Hitler quickly becomes a stand-up comedian with a huge YouTube following which laughs at the perfect imitation he makes of himself. People assume he is a method actor (‘Bruno Ganz was superb, but he’s not a patch on you’) and his angry online rants are not taken seriously. His popularity leads him back into politics and the only person who understands he is the real Hitler is sectioned and put into a padded cell at the end of the film.

he allegory is not subtle but still has the power to unsettle the viewer at a profound level. This man is the embodiment of modern fascism but no-one sees this poisonous form for what it is, preferring to view it as a phantom to be laughed at or mocked but under no circumstances to be taken seriously.

 

Across Europe there has been an alarming resurgence in far-right activism; some of it has translated into votes. Poland, Slovakia, Hungary, the Czech Republic, France and Germany itself have seen a rise in support for virulent ideology. It is utterly intolerant of Muslims and immigrants – especially where the two are combined – but there is no change in the venom of its founding myth: Jewish people control the world and twist power to their own end. We may think we understand how the 2008 banking collapse happened, but the far right knows better. Where once the Nazis talked about the Jews who control finance, now some speak of ‘cosmopolitan’ bankers who brought ordinary people to ruin; it does not take Bletchley Park to break the code for ‘cosmopolitan’ here.

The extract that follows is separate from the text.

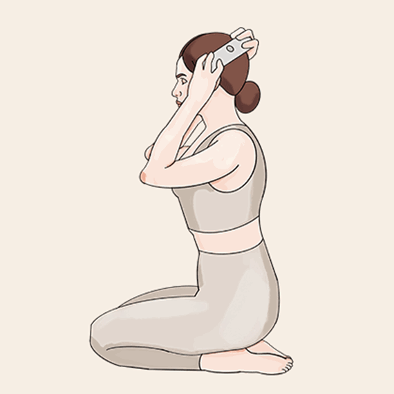 Krok 1: Usiądź na piętach lub na krześle. Zegnij prawą rękę. Lewą ręką chwyć górny tylny róg głowy (nad prawym uchem) i powoli pociągnij głowę jak najdalej pod kątem 45 stopni w lewo, w kierunku lewego łokcia. Trzymaj plecy prosto i pociągnij prawe ramię w dół w kierunku prawego biodra tak bardzo, jak to możliwe.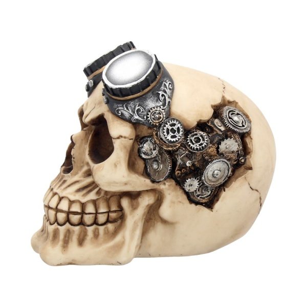 From the front, the skull looks both realistic and human. Wearing a large pair of Steampunk Goggles on his forehead, there is nothing to suspect however when turned you can see that it has been covered in arcane and mysterious mechanisms. Small cogs, gears and workings adorn the sides and makes the viewer wonder what let to such modifications. Cast in the finest resin before being carefully hand-painted, this skull is an essential part of any Gothic, Fantasy or Steampunk collection.,Steampunk skull,Cast in the finest resin,Expertly hand-painted,Size 25cm,

In the Church we speak often of the role of an epiphany in our understanding of God. The wise men saw the infant Jesus for who he was; the few disciples who accompanied Jesus up the mountain for his transfiguration perceived his glory in a new way; Paul met with Christ on the Damascus road and was rendered speechless by the vision he received. Many of us can speak of moments when we finally see something of God which our blindness had previously obscured. This is the nature of God; he appears in unexpected and sometimes unobtrusive ways which we struggle to interpret quickly.

 

Sadly, the same is true of evil. We are slow to recognise it; evil creeps up on us in banal and ordinary forms and we may even initially befriend it because it seems unexceptional and impolite of us to confront it. We tend not to take evil people at their word when they speak in vengeful, murderous and sometimes apocalyptic terms because our liberal inclinations cannot grasp their meaning. Our therapeutic models may blind us to the truth. The failure of many to perceive Hitler for who he was is not a lesson easily assimilated today if the same human foibles are on display.

 

European history may not repeat itself in the same way as in the 1930s and this calls for wisdom and vigilance. There has been much debate about the European Union among the citizens of its nations but, oddly, one conversation is usually lacking. The shared European project began as a means of draining poisonous right-wing nationalism out of a ravaged continent. If an existing political project is incapable of doing this, it has cause to re-assess its scope and priorities. Yet this originating purpose may be more required now than at any time since Europe was re-built.

 

He may not be back, but would we identify the DNA quick enough if he was?